9. An area with a 3' high picket fence around it. Used for Santa.

10. A baby stroller rent station.

10. A photo booth.

11. an area with a group of massage chairs.

12. A group of vending machines.

7. Same as #6 but has wheels.


----------



## mark handler (Nov 26, 2010)

Only 10

A booth; A small area set off by walls for special use

http://www.google.com/images?hl=en&safe=off&rlz=1T4GGLL_enUS331US331&defl=en&q=define:kiosk&um=1&ie=UTF-8&source=og&sa=N&tab=wi&biw=1041&bih=415


----------



## Rick18071 (Nov 28, 2010)

Mark, that web site shows more than a booth.


----------



## mtlogcabin (Nov 29, 2010)

2006 IBC

402.10 Kiosks.

Kiosks and similar structures (temporary or permanent) shall meet the following requirements:

1. Combustible kiosks or other structures shall not be located within the mall unless constructed of any of the following materials:

1.1. Fire-retardant-treated wood complying with Section 2303.2.

1.2. Foam plastics having a maximum heat release rate not greater than 100kW (105 Btu/h) when tested in accordance with the exhibit booth protocol in UL 1975.

1.3. Aluminum composite material (ACM) having a flame spread index of not more than 25 and a smoke-developed index of not more than 450 when tested as an assembly in the maximum thickness intended for use in accordance with ASTM E 84.

2. Kiosks or similar structures located within the mall shall be provided with approved fire suppression and detection devices.
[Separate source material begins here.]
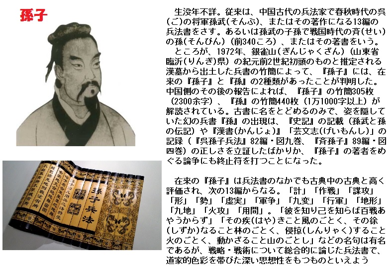 故(ゆえ)に善く兵を用うる者は、譬(たと)えば率然の如し。率然とは、常山の蛇なり。其の首を撃てば則(すなわ)ち尾至り、其の尾を撃てば則ち首至り、其の中を撃てば則ち首尾倶に至る。あえて問う、兵は率然のごとくならしむべきか。曰く、可なり。それ呉人と越人と相悪むも、その舟を同じくして済(わた)り風に遇(あ)うに当たりては、その相救うや左右の手のごとし。このゆえに馬を方(なら)べ輪を埋むるも、いまだ恃むに足らず。勇を斉(ひと)しくし一(いつ)のごとくするは政(せい)の道なり。剛柔みな得るは地の理なり。ゆえに善く兵を用もちうる者は、手を携さうること一人を使うがごとし。已(や)むを得ざらしむればなり。

3. The minimum horizontal separation between kiosks or groupings thereof and other structures within the mall shall be 20 feet (6096 mm).

4. Each kiosk or similar structure or groupings thereof shall have a maximum area of 300 square feet (28 m2).


----------



## Rick18071 (Nov 29, 2010)

This is important to me. I have someone that is asking if they need a permit. It looks like a bunch of furniture pushed together (shelves and cabinets). Don't need a permit for furniture.


----------



## High Desert (Nov 29, 2010)

The main reason there are kiosk provisions in malls is the fuel loading and maintaining egress width. Whether it has a roof or is open to the mall is inconsequential. The definition of a mall is basically a "pedestrian way" so even furniture needs to be considered when determining egress width and continuity. While furniture may not meet the strict definition of a "kiosk" it is an issue that neds to be reviewed. If there are associated shelves and cabinets, I would think that it would fall into the kiosk category based on fuel loading and egress requirements.


----------



## beach (Nov 29, 2010)

http://www.merriam-webster.com/dictionary/kiosk


----------



## texasbo (Nov 30, 2010)

I agree with High Desert. A mall building gets some breaks because of the generous exit width and regulated obstructions. It is critical that the width (both overall and between face of tenant spaces and obstructions), and the obstructions themselves be reviewed.

What requires a permit? That's an administrative function that you can determine yourself. What gets regulated? Everything that is placed in the mall.

I can assure you, that if you do not regulate, the mall space will quickly be overrun with obstructions.

And DO NOT let them tell you they do it everywhere else. They don't.


----------



## north star (Nov 30, 2010)

** * * **

texasbo stated:



> And DO NOT let them tell you they do it everywhere else. They don't.


 *WITH TONGUE IN CHEEK:*C`mon texasbo, you' re just trying to restrict our sales. How can we small business people make

any money if you limit the stock we have for sale? You're just ruining everyone's holiday spirit.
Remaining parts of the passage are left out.